The station also broadcast reading sessions through home recordings from participants, including monologues, poetry and short story readings, and had a children's segment. Recorded performances were crowdsourced from listener contributors, which were accepted based on a day's specified criterion and included experiences of individuals isolated in their homes. Some of these were gathered from minors and were aired on the children's segment. The children's segment was allotted an hour slot, which was occasionally hosted by a teacher based in the country of Norway. It involved short story readings, poem recitals and music.

Around September 2020, new original programmes were shifted to a podcast featuring six to ten episodes per month.
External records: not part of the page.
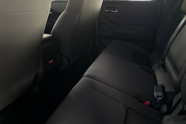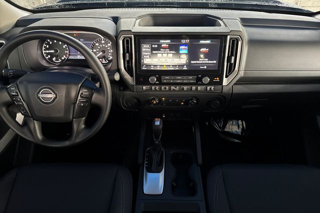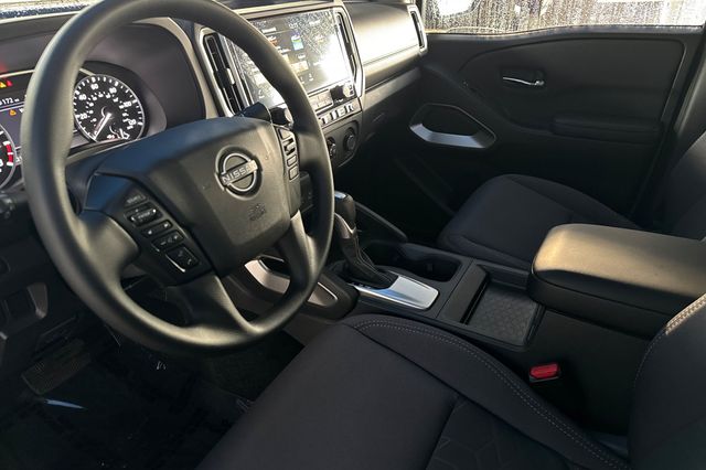 2025 Nissan Frontier. It's powered by the 310HP 3.8L V6 engine paired with a 9-speed automatic transmission in 4x2 configuration. It's Super Black outside with Charcoal Cloth interior. This truck has exceptionally low mileage at just 213 miles - it's like new. Safety technology includes backup camera, blind spot monitoring, lane departure warning, forward collision warning, and adaptive cruise control. The crew cab design provides spacious seating for up to 5 with a power driver's seat and split-folding rear seats for increased cargo flexibility. Built in the United States, this Frontier delivers reliable truck capability with modern convenience features. The 12.3" touch screen display is capable of wireless Apple Carplay & Android Auto operation plus a Wi-Fi hotspot. The 3.8L V6 provides strong towing capacity while maintaining decent fuel economy. Priced at $32,988. Contact Freeway Honda to schedule your test drive.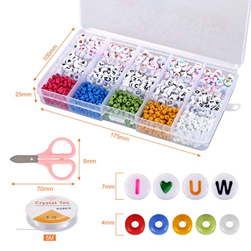 Naler Set di 1550 Perline 850 Perline di 4MM + 700 Perline di Alfabeto di 6MM Colorate per Fai da Te Mini Perle di Braccialetti, Collane, Bigiotteria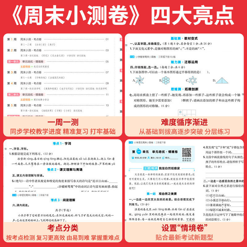📚 2026一本周末小测卷小学一二三四五六年级上下册语文数学英语人教版北师苏教一周一测同步试卷周周测单元培优卷期中期末综合测试卷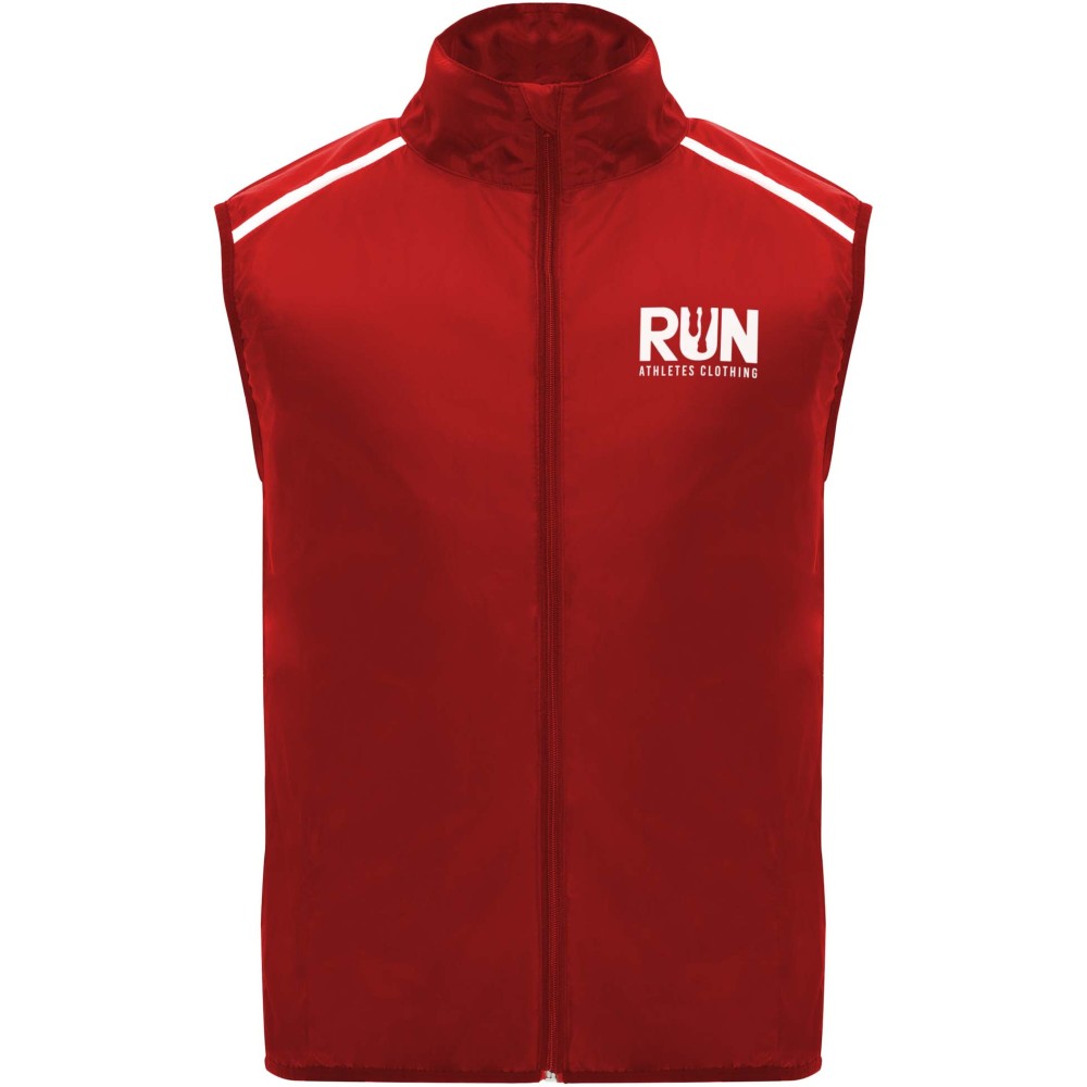 Szélálló és légáteresztő. Elülső cipzár azonos színű állvédővel. Rugalmas szegély a karkivágásnál és az alján. A hát alsó része mikroperforált anyagból készült. Fényvisszaverő csíkok a vállán. Zseb rugalmas pánttal, amelybe a mellényt el lehet csomagolni. Eltávolítható címke.

The episodes include educational content related to science and technology in simplified language for the understanding of untrained adults and children. Other episodes relate to political, social and philosophical questions, including episodes on The Plague by Albert Camus, on Plague and Quarantine by Rajinder Singh Bedi and on Shada Prithibi by Sharadindu Bandyopadhyay. The original programmes from the radio and the podcast were hosted on and archived across platforms such as YouTube and Spotify.